# Boise Idaho Sunday June 6th, 2021 Swap Meet!



## Lookn4bikes (May 8, 2021)

Boise oldest Vintage Bicycle Swap Meet.


----------



## Gnarlymarley (May 30, 2021)

I'll be there with a trailer load. I also plan on spending some too.


----------



## Lookn4bikes (May 31, 2021)

Only a week away. Weather looks like it should be pleasant. I will make sure to get lots of pictures to share with the people who can't attend.


----------



## Lookn4bikes (Jun 3, 2021)

Gnarlymarley said:


> I'll be there with a trailer load. I also plan on spending some too.

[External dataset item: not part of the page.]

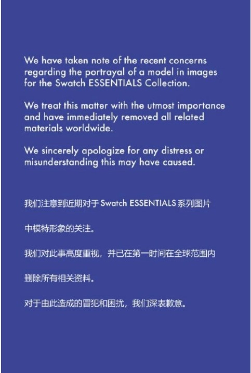 จากสื่อต่างประเทศ ได้รายงานว่า สวอทช์ (Swatch) ผู้ผลิตนาฬิกาสัญชาติสวิส ได้ออกมาขอโทษและยกเลิกโฆษณาที่มีนายแบบที่กำลังดึงหางตาขึ้น หลังจากภาพโฆษณาดังกล่าว ก่อให้เกิดกระแสวิพากษ์วิจารณ์ในหมู่ผู้ใช้โซเชียลมีเดียชาวจีน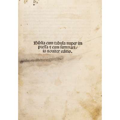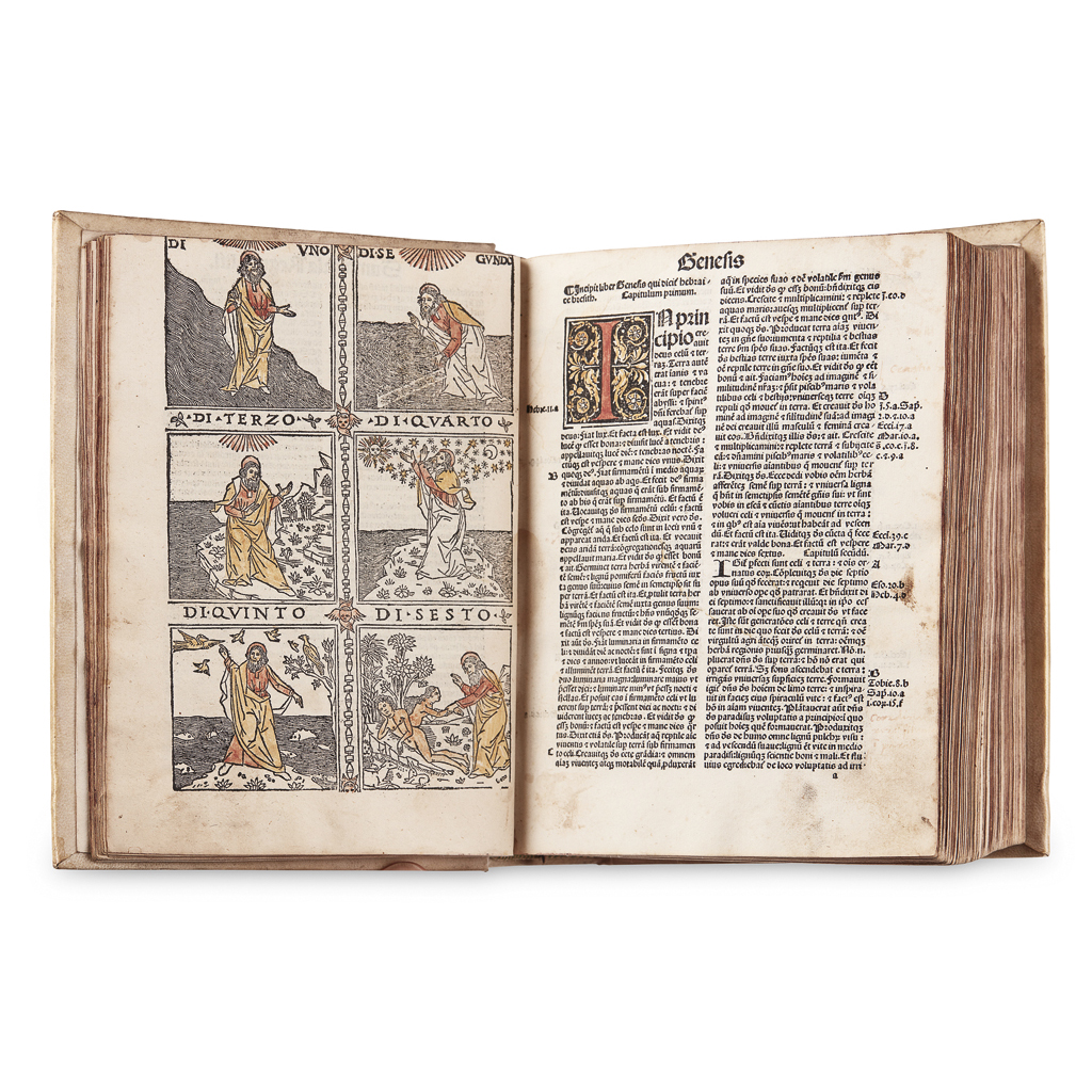 Biblia, cum tabula nuper impressa [et] cum summariis noviter editis. Impressum Venetijs : P[er] Symonem dictu[m] Beuilaqua, 1498, die octauo Maij [Venice: Simon Bevilaqua, 8 May 1498]. 4to., (205 x 151mm.), 528 leaves, 51 lines and headline, Gothic letter, printed in double columns, 73 woodcuts, woodcut initials, large woodcut printer's device on verso of final leaf, 19th century vellum gilt, red morocco lettering piece, ownership inscription deleted from title, very small holes to extreme upper margin of title and to fore-margin of final leaf (not affecting text), large woodcut on verso of a10v partly hand-coloured, a few leaves lightly dampstained, mainly marginal

Hopefully a trailer full of $500 Autocycles🙃


----------



## Gnarlymarley (Jun 3, 2021)

Lookn4bikes said:


> Hopefully a trailer full of $500 Autocycles🙃



There maybe one. May add a 0 to it though.


----------



## Gnarlymarley (Jun 8, 2021)

What a great turnout. It was great meeting everyone. Can’t wait for next year.


----------



## HEMI426 (Jun 8, 2021)

Where's the pictures!


----------



## Gnarlymarley (Jun 8, 2021)

HEMI426 said:


> Where's the pictures!



Lol. I got zero


----------



## Freqman1 (Jun 8, 2021)

No pics--it didn't happen! No one had a cell phone?


----------



## Lookn4bikes (Jun 8, 2021)

Great weather for the event. Surprised how many CABE members were there. Parts swirled around.


----------



## Lookn4bikes (Jun 8, 2021)




----------



## Gnarlymarley (Jun 8, 2021)

Rad


----------



## ADReese (Jun 8, 2021)

Does anyone know if this rack happens to still be for sale? I'm on the hunt for an original paint black schwinn 9 hole. Possibly a cabe member? Thank you!


----------



## John G04 (Jun 8, 2021)

Thanks for the pics! Looks like a lot of good stuff was there


----------



## Gnarlymarley (Jun 8, 2021)

ADReese said:


> Does anyone know if this rack happens to still be for sale? I'm on the hunt for an original paint black schwinn 9 hole. Possibly a cabe member? Thank yo




I’m pretty sure it was there at the end. Lookn4bikes may know who has it


----------



## Lookn4bikes (Jun 8, 2021)

I believe it was a members rack. I sent a text about it.


----------



## JRE (Jun 13, 2021)

Dang should gave made the trip there from Oregon. Looks like a good turn out.


----------



## StingrayRider (Jun 13, 2021)

Thanks for the photos.


----------